In our recent paper, published in Nature Human Behaviour, we provide a proof of concept that deep reinforcement learning (RL) can be used to find economic policies that people will vote for by majority vote in a simple game. The paper thus addresses a key challenge in AI research—how to train AI systems that align with human values.
Imagine that a group of people decide to pool capital to make an investment. The investment pays off and a profit is made. How should the revenue be distributed? A simple strategy is to spread the return equally among investors. But that may be unfair because some people contributed more than others. Alternatively, we could return everyone according to the size of their initial investment. That sounds fair, but what if people had different levels of assets to begin with? If two people contribute the same amount, but one gives a fraction of their available funds and the other gives them all, should they receive the same share of the proceeds?
This question of how to redistribute resources in our economies and societies has long caused controversy among philosophers, economists, and political scientists. Here, we use deep RL as a testbed to explore ways to address this problem.
To address this challenge, we created a simple game involving four players. Each hand of the game was played in 10 rounds. In each round, each player was allocated money, with the size of the pool varying between players. Each player made a choice: they could keep these funds for themselves or invest them in a common pool. Invested funds were guaranteed to grow, but there was risk because players did not know how the proceeds would be shared. Instead, they were told that for the first 10 rounds there was one referee (A) making the redistribution decisions, and for the second 10 rounds a different referee (B) took over. At the end of the game, they voted for either A or B and played another game with that referee. Game players were allowed to keep the proceeds of this final game, so they were incentivized to state their preference accurately.
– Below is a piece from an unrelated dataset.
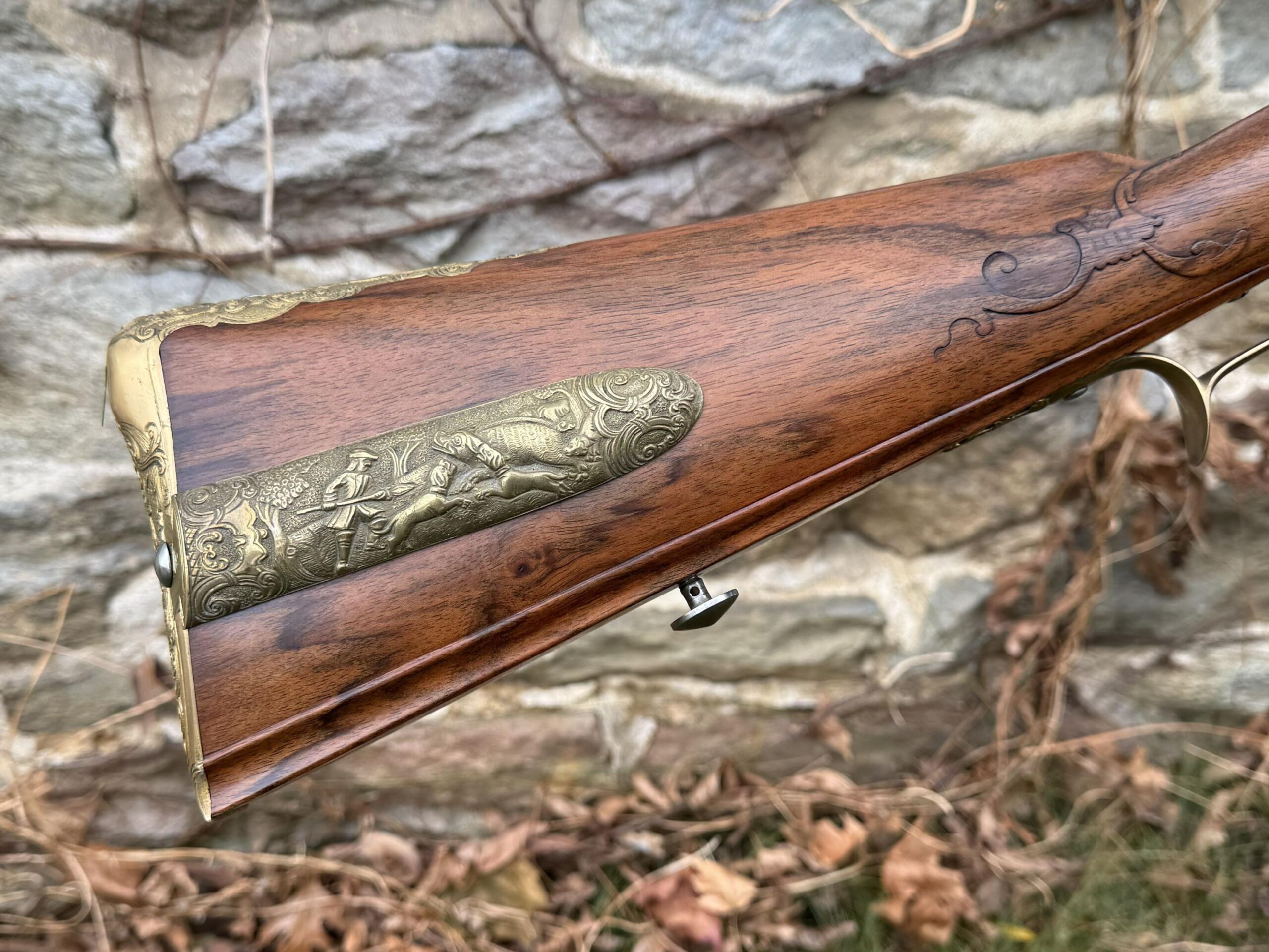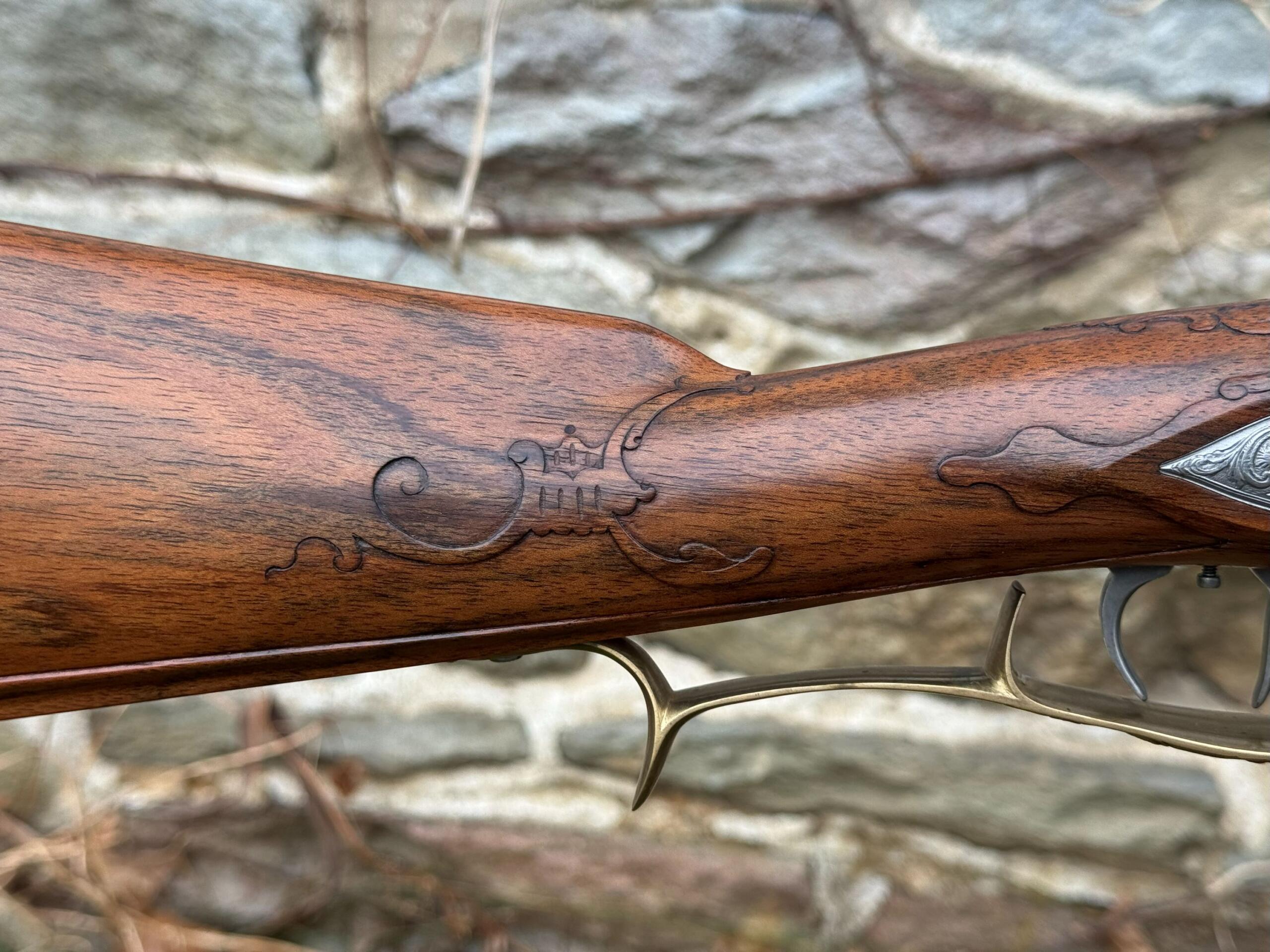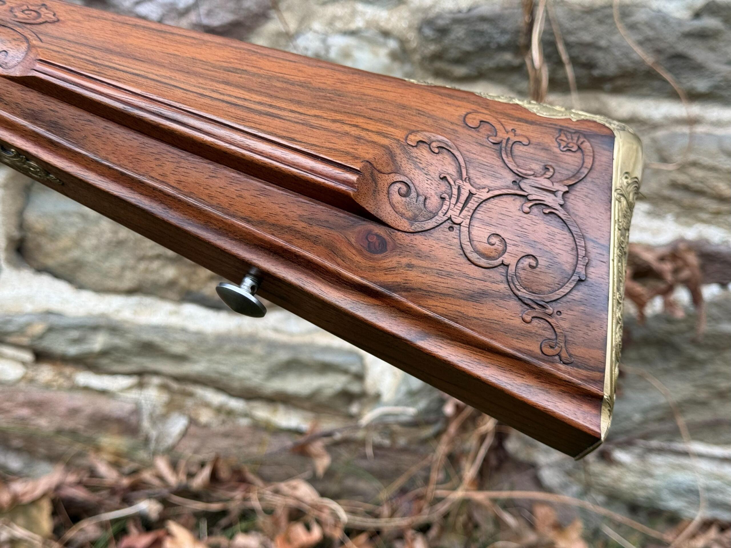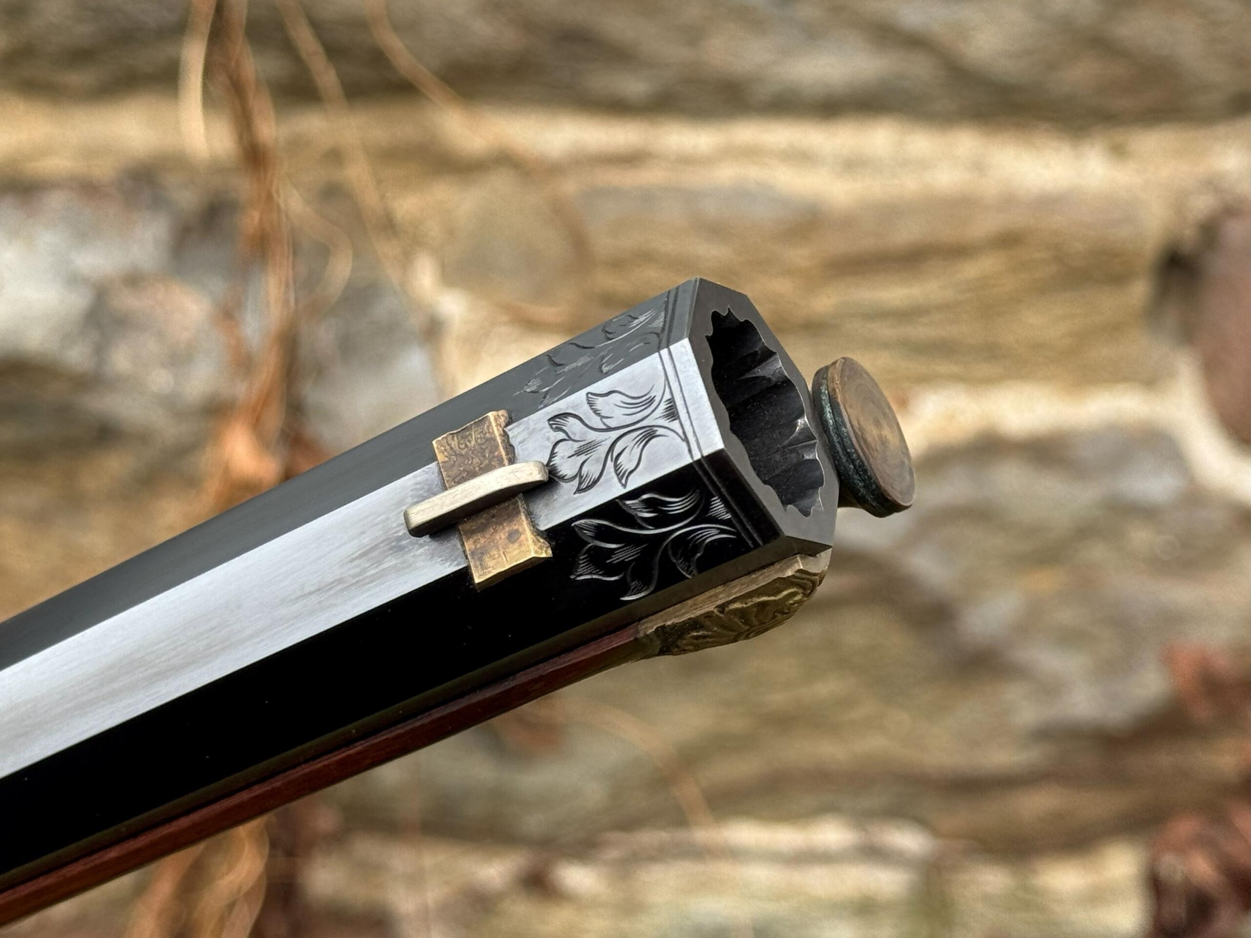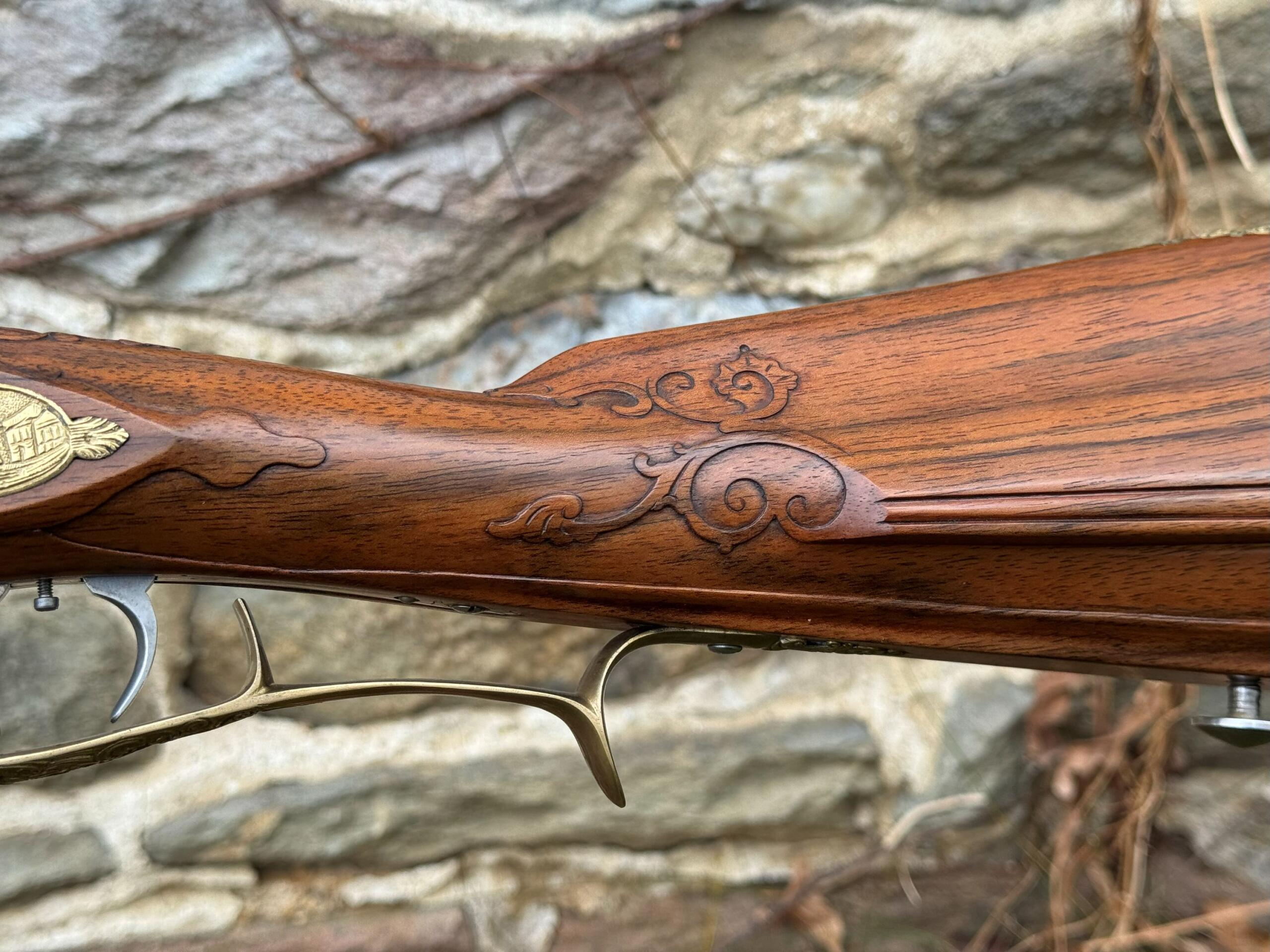 The barrel measures 32″ in length and features 7 groove round bottom rifling with a file decorated muzzle. The rifle measures 48″ in overall length and weighs in at 8lbs 3ozs.

Actually, one of the arbiters was a predefined redistribution policy and the other was designed by our deep RL agent. To train the agent, we first recorded data from a large number of human groups and taught a neural network to copy how people played the game. This simulated population could generate unlimited data, allowing us to use data-intensive machine learning methods to train the RL agent to maximize the votes of these “virtual” players. Having done this, we then recruited new human players and pitted the AI-designed mechanism against familiar baselines such as a libertarian policy that returns funds to people according to their contributions.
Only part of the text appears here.